SUPPLIED DATA -
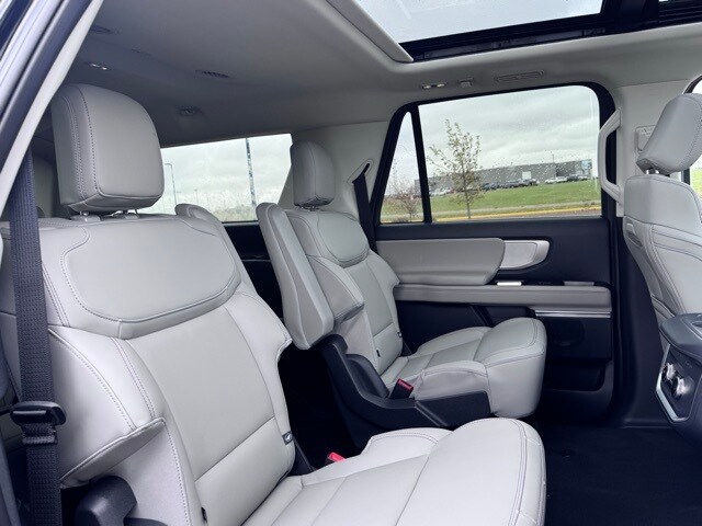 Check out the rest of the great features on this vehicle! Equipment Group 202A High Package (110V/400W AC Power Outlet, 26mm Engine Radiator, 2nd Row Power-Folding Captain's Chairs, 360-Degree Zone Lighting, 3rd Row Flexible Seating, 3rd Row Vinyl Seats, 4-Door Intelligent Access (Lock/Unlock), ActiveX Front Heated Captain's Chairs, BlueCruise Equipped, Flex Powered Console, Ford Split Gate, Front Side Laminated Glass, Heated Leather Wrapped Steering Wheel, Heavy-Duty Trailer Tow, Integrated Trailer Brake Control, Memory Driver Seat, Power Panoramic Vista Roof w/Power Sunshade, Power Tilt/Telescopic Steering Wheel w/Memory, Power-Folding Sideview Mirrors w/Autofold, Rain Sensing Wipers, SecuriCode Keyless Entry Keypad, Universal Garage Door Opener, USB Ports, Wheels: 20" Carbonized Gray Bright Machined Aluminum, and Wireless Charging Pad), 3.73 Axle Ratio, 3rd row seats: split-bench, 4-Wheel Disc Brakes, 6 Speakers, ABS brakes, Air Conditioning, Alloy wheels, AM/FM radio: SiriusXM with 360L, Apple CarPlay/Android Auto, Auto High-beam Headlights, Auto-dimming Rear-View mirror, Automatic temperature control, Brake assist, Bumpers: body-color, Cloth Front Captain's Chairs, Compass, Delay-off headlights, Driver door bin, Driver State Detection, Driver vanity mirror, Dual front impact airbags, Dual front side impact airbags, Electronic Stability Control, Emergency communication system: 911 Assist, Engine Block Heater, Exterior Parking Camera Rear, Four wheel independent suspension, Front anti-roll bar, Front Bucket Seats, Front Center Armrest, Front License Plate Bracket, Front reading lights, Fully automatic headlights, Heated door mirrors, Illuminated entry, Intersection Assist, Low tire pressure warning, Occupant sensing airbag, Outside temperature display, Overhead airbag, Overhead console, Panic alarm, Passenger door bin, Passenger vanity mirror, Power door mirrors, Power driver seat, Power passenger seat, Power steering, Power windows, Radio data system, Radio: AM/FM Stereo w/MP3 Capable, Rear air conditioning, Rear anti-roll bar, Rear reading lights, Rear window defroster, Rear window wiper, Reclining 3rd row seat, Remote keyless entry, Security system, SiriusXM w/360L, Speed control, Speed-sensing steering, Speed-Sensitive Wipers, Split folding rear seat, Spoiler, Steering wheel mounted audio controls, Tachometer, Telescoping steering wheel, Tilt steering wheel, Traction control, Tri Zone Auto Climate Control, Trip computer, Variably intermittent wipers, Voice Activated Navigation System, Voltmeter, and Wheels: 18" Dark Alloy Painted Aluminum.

...

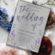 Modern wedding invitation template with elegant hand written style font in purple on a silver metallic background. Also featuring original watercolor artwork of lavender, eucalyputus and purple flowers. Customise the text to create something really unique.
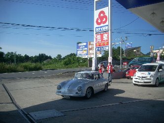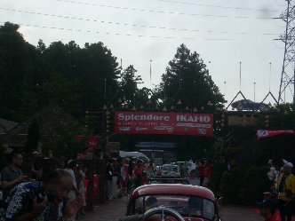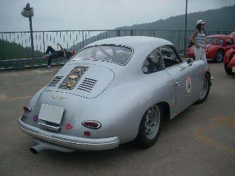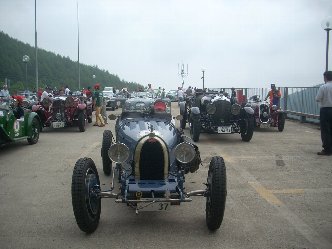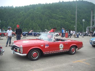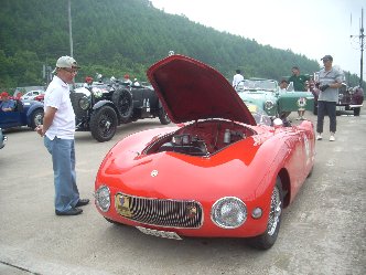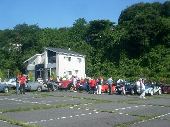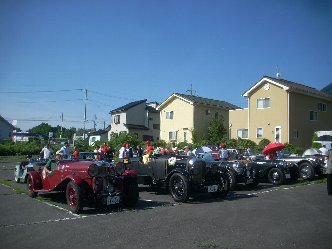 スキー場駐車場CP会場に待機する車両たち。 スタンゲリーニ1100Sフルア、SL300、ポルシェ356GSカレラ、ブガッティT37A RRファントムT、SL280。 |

---

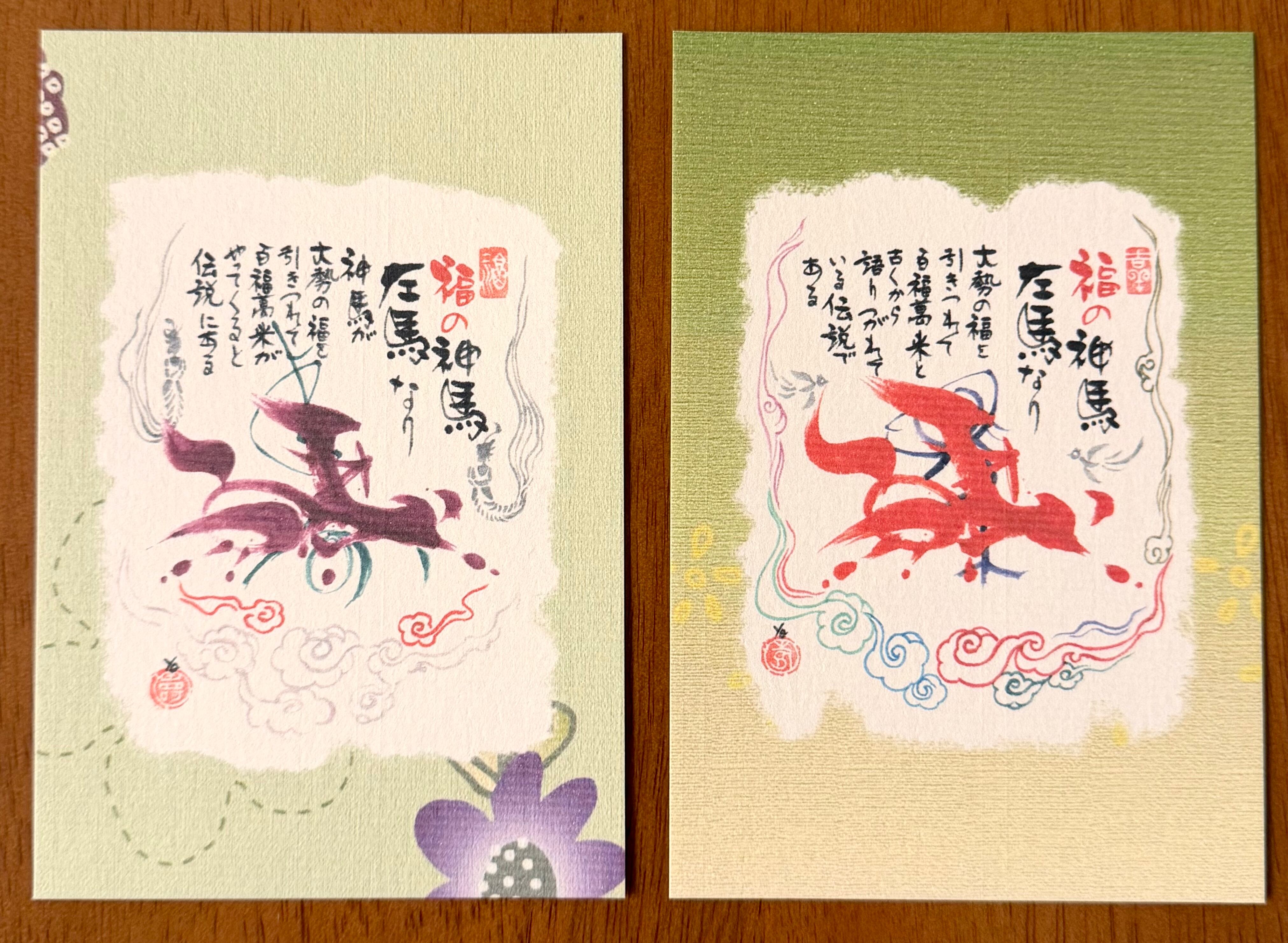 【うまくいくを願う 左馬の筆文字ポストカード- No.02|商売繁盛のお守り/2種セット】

BRIEF -
Nothing outside the stretch above, from the line with "Modern wedding invitation" through the line with "スタンゲリーニ1100Sフルア、SL300、ポルシェ356GSカレラ、ブガッティT37A RRファントムT、SL280。 |", is set down. Transcribe that stretch exactly, ends included, but not its pictures.

SOLVED EXERCISE -
 Modern wedding invitation template with elegant hand written style font in purple on a silver metallic background. Also featuring original watercolor artwork of lavender, eucalyputus and purple flowers. Customise the text to create something really unique.
 スキー場駐車場CP会場に待機する車両たち。 スタンゲリーニ1100Sフルア、SL300、ポルシェ356GSカレラ、ブガッティT37A RRファントムT、SL280。 |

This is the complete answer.